そう言われ男性が部屋を出ると、大きなお腹をした女性が思いっきり平手打ちをした

慌てて警察官がとめたが


「貴方が突き飛ばさなきゃ夫は彼女を引くこともなかったし電柱にあたって死ぬこともなかったのよ!この人殺しこの子の父親を返しなさいよ!」


と怒鳴り散らした


男性は土下座をし床に頭をすりつけ


「すみません、すみません」


その姿を見て穂香が


「もっと早く別れていたら私は死なずにすんでたのね、母さんの忠告を聞かなかった私のせいね」

「彼女は彼についている禍々しさに気付いていたからね」


穂香は仕方ないわという顔をして


「生まれ変わったらクズ男とは関わりたくないわ」


という


「生まれ変わる頃には忘れているかも」


というと困った顔をして


「それは困ったわね」


と笑ったそして


「私の棺おけにはあなたも入るの?」


と聞いてきた


「君のお母さんの事だから心配しなくても入れてくれるよ。
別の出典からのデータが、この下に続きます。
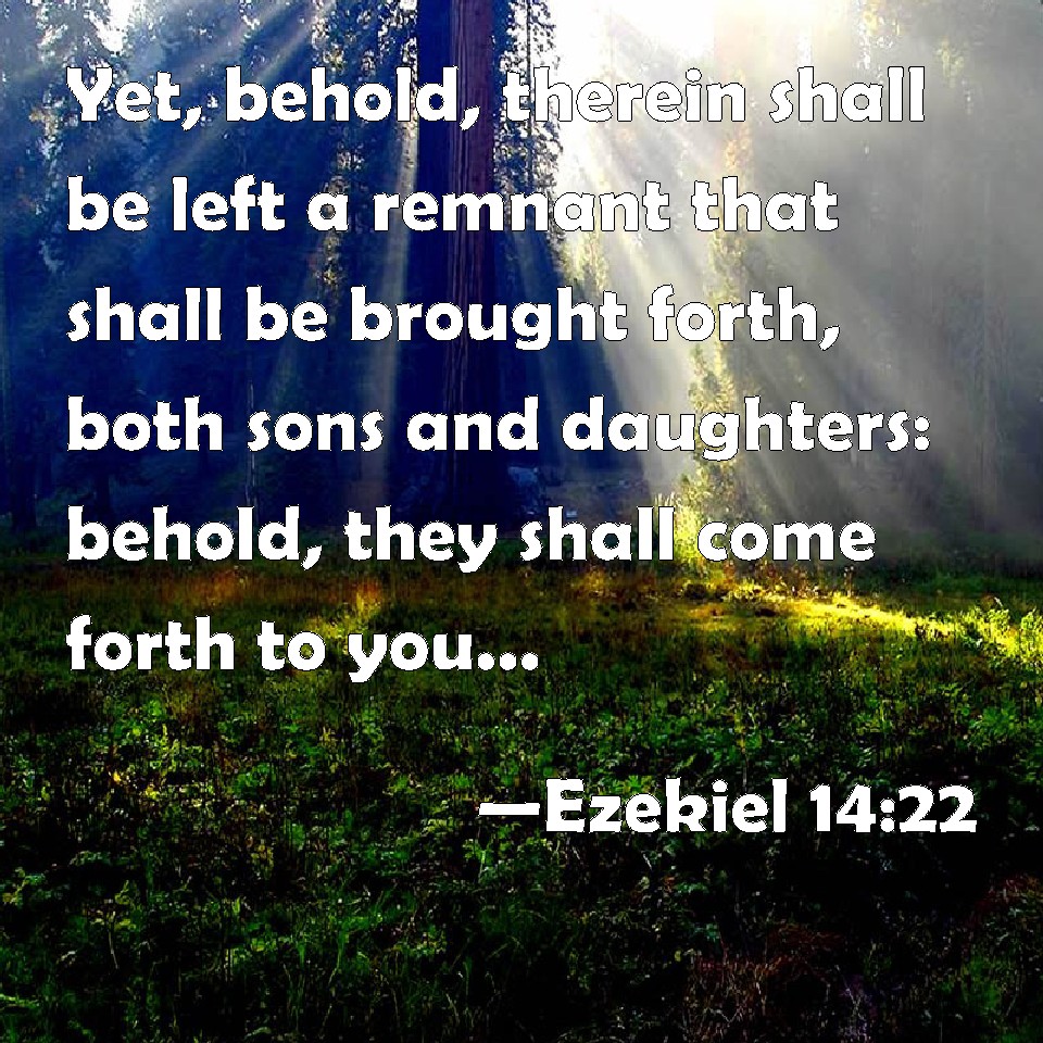 Choose a Background Ezekiel 14:22 Yet, behold, therein shall be left a remnant that shall be brought forth, both sons and daughters: behold, they shall come forth to you, and you shall see their way and their doings: and you shall be comforted concerning the evil that I have brought on Jerusalem, even concerning all that I have brought on it. KJV: Yet, behold, therein shall be left a remnant that shall be brought forth, both sons and daughters: behold, they shall come forth unto you, and ye shall see their way and their doings: and ye shall be comforted concerning the evil that I have brought upon Jerusalem, even concerning all that I have brought upon it. DRB: Yet there shall be left in it some that shall be saved, who shall bring away their sons and daughters: behold they shall come among you, and you shall see their way, and their doings: and you shall be comforted concerning the evil that I have brought upon Jerusalem, in all things that I have brought upon it. DBT: But behold, there shall be left in it those that escape, who shall be brought out of it, sons and daughters. Behold, they shall come forth unto you, and ye shall see their way and their doings; and ye shall be comforted concerning the evil that I have brought upon Jerusalem, as to all that I have brought upon it. ERV: Yet, behold, therein shall be left a remnant that shall be carried forth, both sons and daughters: behold, they shall come forth unto you, and ye shall see their way and their doings: and ye shall be comforted concerning the evil that I have brought upon Jerusalem, even concerning all that I have brought upon it. WBT: Yet behold, therein shall be left a remnant that shall be brought forth, both sons and daughters: behold, they shall come forth to you, and ye shall see their way and their doings: and ye shall be comforted concerning the evil that I have brought upon Jerusalem, even concerning all that I have brought upon it. WEB: Yet, behold, therein shall be left a remnant that shall be carried forth, both sons and daughters: behold, they shall come forth to you, and you shall see their way and their doings; and you shall be comforted concerning the evil that I have brought on Jerusalem, even concerning all that I have brought on it. YLT: yet, lo, there hath been left in it an escape, who are brought forth, sons and daughters, lo, they are coming forth unto you, and ye have seen their way, and their doings, and have been comforted concerning the evil that I have brought in against Jerusalem, all that which I have brought in against it.Links Ezekiel 14:22 NIV • Ezekiel 14:22 NLT • Ezekiel 14:22 ESV • Ezekiel 14:22 NASB • Ezekiel 14:22 KJV • Ezekiel 14:22 Interlinear • Ezekiel 14:22 Commentaries • Ezekiel 14:22 Parallel Texts • Ezekiel 14:22 Bible Apps • Ezekiel 14:22 Parallel • Bible Hub |

さっき枕元にいたし」


そう言って二人は消えて行った。


穂香の棺おけには彼女が小さな頃から大切にしていたクマのぬいぐるみが入れられた


そしてみんなが見守る中空へと登って行った。

「速報です。付近の監視カメラと加害者の車のドライブレコーダの映像から、被害者は一緒にいた男性に突き飛ばされ目前に来ていた加害者の車にぶつかった模様。一緒にいた交際中の男性を任意同行したとの事です。」